Sunday, July 22, 2012

A Dark Knight Rises and a New York Weekend

This week, my second must see movie of the year, the Dark Knight Rises, was released. A group of us scored tickets to a midnight screening to the final chapter of perhaps the greatest superhero movie trilogy that has ever, or will ever, be made. I absolutely loved the movie (yes, it plods a teensy bit in the second half, but the ending is amazing) and the experience of seeing it with a theater full of fellow fans. While the entire case is amazing (Gary Oldman is perhaps the most under appreciated living actor), I have to give special points to Joseph Gordon-Levitt, who really is the main reason that the plot manages to hold together. Of course, Christian Bale is an amazing actor and he and Michael Cain play off each other so well, as always, but there are enough plot gaps that they needed an assist to make the movie work.

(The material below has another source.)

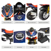 Your kids will love the Aprilia 12V Electric Motorcycle for Kids - 2 Wheels, Ages 3-10. This powerful ride-on toy will provide your little ones with a real driving experience that they won't forget. Equipped with a 12V battery and double motors, this motorcycle offers a thrilling ride that will make your kids feel like they're cruising on a real bike. The large seat is designed to accommodate two kids, allowing them to share the fun and excitement together. Real driving experience with one-button starting Grid windshield for an off-road style LED lights to brighten the surroundings in the darkness Foot pedal for easy acceleration Training wheels for balance training Shock absorption wheels and suspension system for safety Resistant wheels for riding on various terrains Large and comfortable seat for two kids MP3 player for music enjoyment Racing foot brake for added excitement Painting color for a stylish look The Aprilia 12V Electric Motorcycle for Kids - 2 Wheels, Ages 3-10 is designed with safety in mind. The included training wheels help your kids learn to balance and ride with confidence. The shock absorption wheels and suspension system ensure a smooth and stable ride, even on bumpy surfaces. With resistant wheels, your kids can ride on different kinds of ground such as grass, brick road, wood floor, asphalt ground, and plastic runway. This ride-on toy offers endless possibilities for outdoor and indoor adventures. With its bright LED headlights and tail lights, this motorcycle is not only fun to ride but also provides added visibility in low-light conditions. The large and comfortable seat can hold two kids, allowing them to enjoy the ride together. The Aprilia 12V Electric Motorcycle for Kids - 2 Wheels, Ages 3-10 is easy to assemble with the detailed instruction and install video provided on the product detail page. Product Specifications: Brand: Aprilia Year: 2022 Theme: Motorcycle for kids Recommended Age Range: 3 Years Old + Age Level: 3-10 Years Character Family: Toy Story Color: Black/Blue Battery Type: 12V 10AHĂ—1 Run Speed: 3-6 KM/Hour Overall Dimension: 51.2"Ă—29.5"Ă—20.5" Weight Capacity: 110 LBS The Aprilia 12V Electric Motorcycle for Kids - 2 Wheels, Ages 3-10 is the perfect ride-on toy for your adventurous little ones. Let their imaginations run wild as they zoom around on this exciting motorcycle. Order yours today and watch as your kids create memories that will last a lifetime.

I won't go into details, since this isn't a movie blog, but the quality of the acting was astounding.   Our post-film euphoria was short lived, though... while we were having fun watching a movie, a different theater in Colorado was having a very different evening. Even though we were on the far side of the country, there's a little bit of survivors guilt (why them, and not us).

Already, the newspapers are talking about how dark and violent the movies are, etc. The thing is, people all over the world have watched these movies, and loved them, and only one person stocked up on guns and gas canisters, dressed up in body armor, booby trapped his apartment and killed people. Shouldn't we all be trying to find out what caused this one person to commit mass murder, and not trying to blame it on a movie that millions watched without killing anyone? Also, why is it that someone can go out and buy multiple guns, and explosives, and gas canisters, and gas masks, and body armor and no one anywhere pauses to think maybe he might be planning something violent. I know the NRA would have kittens at the thought, but just maybe it would make sense to have a system that generates a "This looks weird" alert when a cluster of purchases like this is made. Because, not for nothing, but Mexico is in the middle of a drug war, and you're still statistically twice as likely to be shot in the US, and I think that's a problem.

On a different note, last weekend, I took a quick hop down to NYC. Not really time for a full-up trip report, but who would have guessed you'd see something like this:






in the Bronx? New York is full of contrasts. Also, is it really that unusual to cross stitch on a train? I had about seven people come up to me and comment about how strange it was to see someone not my grandmother's age sewing. I guess the hard rock, sci-fi fangirl, engineer cross stitcher demographic is a bit sparse.